TASK GOAL
Give every entry again, word for word and in full.

STUDY MATERIAL
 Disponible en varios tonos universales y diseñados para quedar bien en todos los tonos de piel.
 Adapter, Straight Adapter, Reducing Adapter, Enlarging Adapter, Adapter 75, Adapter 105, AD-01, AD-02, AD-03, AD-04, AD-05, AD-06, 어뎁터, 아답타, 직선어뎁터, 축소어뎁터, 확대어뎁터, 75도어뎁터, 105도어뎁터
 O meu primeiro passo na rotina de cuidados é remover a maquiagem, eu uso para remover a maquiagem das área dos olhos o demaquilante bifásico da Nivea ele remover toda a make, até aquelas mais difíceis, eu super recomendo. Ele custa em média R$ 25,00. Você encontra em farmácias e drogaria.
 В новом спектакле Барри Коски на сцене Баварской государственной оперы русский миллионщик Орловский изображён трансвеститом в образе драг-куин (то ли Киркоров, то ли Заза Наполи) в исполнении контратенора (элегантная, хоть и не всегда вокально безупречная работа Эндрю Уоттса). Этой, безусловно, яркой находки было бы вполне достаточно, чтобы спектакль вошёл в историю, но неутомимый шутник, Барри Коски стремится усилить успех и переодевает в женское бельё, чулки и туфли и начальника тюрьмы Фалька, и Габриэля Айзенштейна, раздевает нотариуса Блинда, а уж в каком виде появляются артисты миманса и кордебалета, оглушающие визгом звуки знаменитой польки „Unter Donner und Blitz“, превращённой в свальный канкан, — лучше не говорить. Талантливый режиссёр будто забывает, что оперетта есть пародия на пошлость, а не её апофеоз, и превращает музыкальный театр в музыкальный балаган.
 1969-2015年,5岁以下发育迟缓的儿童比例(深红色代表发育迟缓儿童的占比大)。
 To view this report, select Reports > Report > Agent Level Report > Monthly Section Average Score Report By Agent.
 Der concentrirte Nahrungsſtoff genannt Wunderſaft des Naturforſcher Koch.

PROBLEM SOLUTION
 Disponible en varios tonos universales y diseñados para quedar bien en todos los tonos de piel.
 Adapter, Straight Adapter, Reducing Adapter, Enlarging Adapter, Adapter 75, Adapter 105, AD-01, AD-02, AD-03, AD-04, AD-05, AD-06, 어뎁터, 아답타, 직선어뎁터, 축소어뎁터, 확대어뎁터, 75도어뎁터, 105도어뎁터
 O meu primeiro passo na rotina de cuidados é remover a maquiagem, eu uso para remover a maquiagem das área dos olhos o demaquilante bifásico da Nivea ele remover toda a make, até aquelas mais difíceis, eu super recomendo. Ele custa em média R$ 25,00. Você encontra em farmácias e drogaria.
 В новом спектакле Барри Коски на сцене Баварской государственной оперы русский миллионщик Орловский изображён трансвеститом в образе драг-куин (то ли Киркоров, то ли Заза Наполи) в исполнении контратенора (элегантная, хоть и не всегда вокально безупречная работа Эндрю Уоттса). Этой, безусловно, яркой находки было бы вполне достаточно, чтобы спектакль вошёл в историю, но неутомимый шутник, Барри Коски стремится усилить успех и переодевает в женское бельё, чулки и туфли и начальника тюрьмы Фалька, и Габриэля Айзенштейна, раздевает нотариуса Блинда, а уж в каком виде появляются артисты миманса и кордебалета, оглушающие визгом звуки знаменитой польки „Unter Donner und Blitz“, превращённой в свальный канкан, — лучше не говорить. Талантливый режиссёр будто забывает, что оперетта есть пародия на пошлость, а не её апофеоз, и превращает музыкальный театр в музыкальный балаган.
 1969-2015年,5岁以下发育迟缓的儿童比例(深红色代表发育迟缓儿童的占比大)。
 To view this report, select Reports > Report > Agent Level Report > Monthly Section Average Score Report By Agent.
 Der concentrirte Nahrungsſtoff genannt Wunderſaft des Naturforſcher Koch.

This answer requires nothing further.